' ' Cinema Romantico: In Memoriam: John Singleton

Tuesday, May 07, 2019

In Memoriam: John Singleton


Roger Ebert wrote of Spike Lee: “He puts human beings on the screen, and asks his audience to walk a little while in their shoes.” John Singleton did that too with his monumental “Boyz n the Hood”, released in 1991, unbelievably when the director was fresh out of USC film school and, by his own admission, still learning how to make a movie. A lot of black men were familiar with those shoes, it it goes without saying, in South Central L.A., where “Boyz” was set, and in so many other American neighborhoods. But to a white pre-teen in small town Central Iowa, I can tell you, being given a chance to walk a little in those shoes was moving, eye-opening, necessary. “Either they don’t know, don’t show, or don’t care what’s going on in the hood,” Ice Cube’s Doughboy memorably concluded. And too frequently in the world where I lived, I realized, his words rang true. Released ten months before the L.A. Riots, “Boyz n the Hood” was perhaps something of a cosmic precursor, suggesting so much of what led to that indelible six-day civil disturbance had been baked into society for so long. Singleton’s third feature film, the ambitious if inconsistent “Higher Learning” (1995), was similarly prophetic, set on a fictional college campus where people of differing races and ideologies divided into their separate camps, which seen through the prism of time goes to show how the incendiary partisan divide so frequently cited in the present has been there all along.

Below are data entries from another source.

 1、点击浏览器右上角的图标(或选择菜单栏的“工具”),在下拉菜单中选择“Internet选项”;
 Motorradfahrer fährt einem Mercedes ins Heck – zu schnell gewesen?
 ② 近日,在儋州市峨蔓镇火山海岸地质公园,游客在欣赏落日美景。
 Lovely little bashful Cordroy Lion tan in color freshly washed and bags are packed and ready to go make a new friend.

“Poetic Justice”, Singleton’s 1993 “Boyz” follow-up, which my sister and I ripped from a VHS rental and watched over and over and over, was a romantic road movie where the boy (2Pac) does not win the girl (Janet Jackson) until he learns to treat her with respect. That very idea gave credence to its obvious and ancient formula, culled from a thousand movie romances before it, which Singleton knew, evinced in his movie-within-a-movie opening, something called Deadly Diva, a Hollywood send-up with Billy Zane and Lori Petty, in the throes of foreplay, giving heightened, comical performances. And when Singleton transitioned to his movie’s reality, where Justice, watching this movie-within-a-movie with her boyfriend Markell (Q-Tip), endures his murder in a gang shooting. Those movies up there, Singleton was saying, routinely failed to acknowledge this reality.

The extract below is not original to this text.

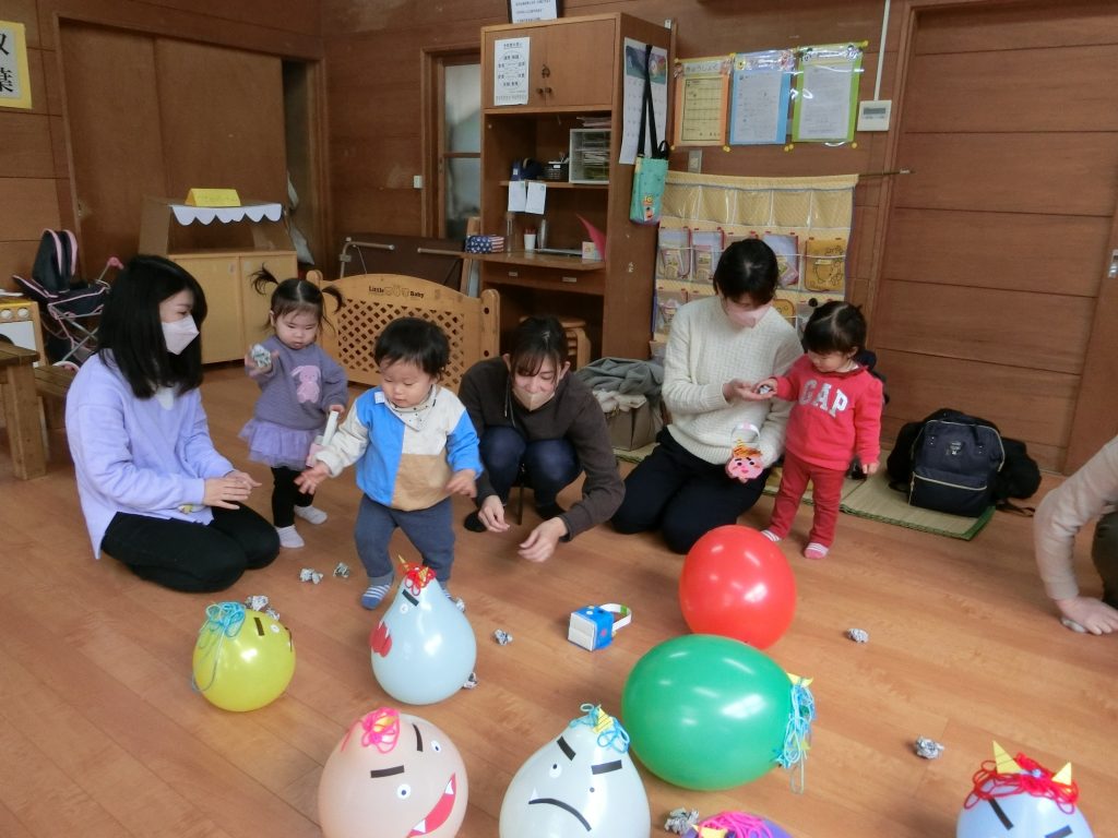 風船の鬼で豆まきごっこ!!新聞紙を丸め「豆」の出来上がり〜「鬼は〜外!」たくさんの風船鬼を追いはらいました。

That’s what Singleton could do, intertwine entertainment and truth. Even his 2000 “Shaft” sequel did it. If the film was explosively exciting, with crackerjack set pieces and orbiting around three performances (Samuel L. Jackson, Jeffrey Wright, Christian Bale) of extraordinary charisma, Singleton also made its villain a rich, entitled white guy (Bale) who commits murder and cockily assumes he can get away with it because the system is slanted in his favor. It suggested mainstream fare as something more than mere content to consume, which was K. Austin Collins addressed in his mandatory Singleton obituary for Vanity Fair, how the erosion of cinema’s middle class has made for a near total absence of thought provoking, tough minded studio movies by minority filmmakers, opting for product wrought from formula, which Singleton addressed in a 2014 interview at Loyola Marymount University and sent up way back when in that “Poetic Justice” prologue.

And in these sad days after his death from complications from a stroke at the too-soon age of 51, I find myself hoping filmmakers do not merely acknowledge and praise his legacy but honor it by resisting Hollywood’s insistence on homogenization, putting more human beings on screen, and asking to walk a little while in their shoes.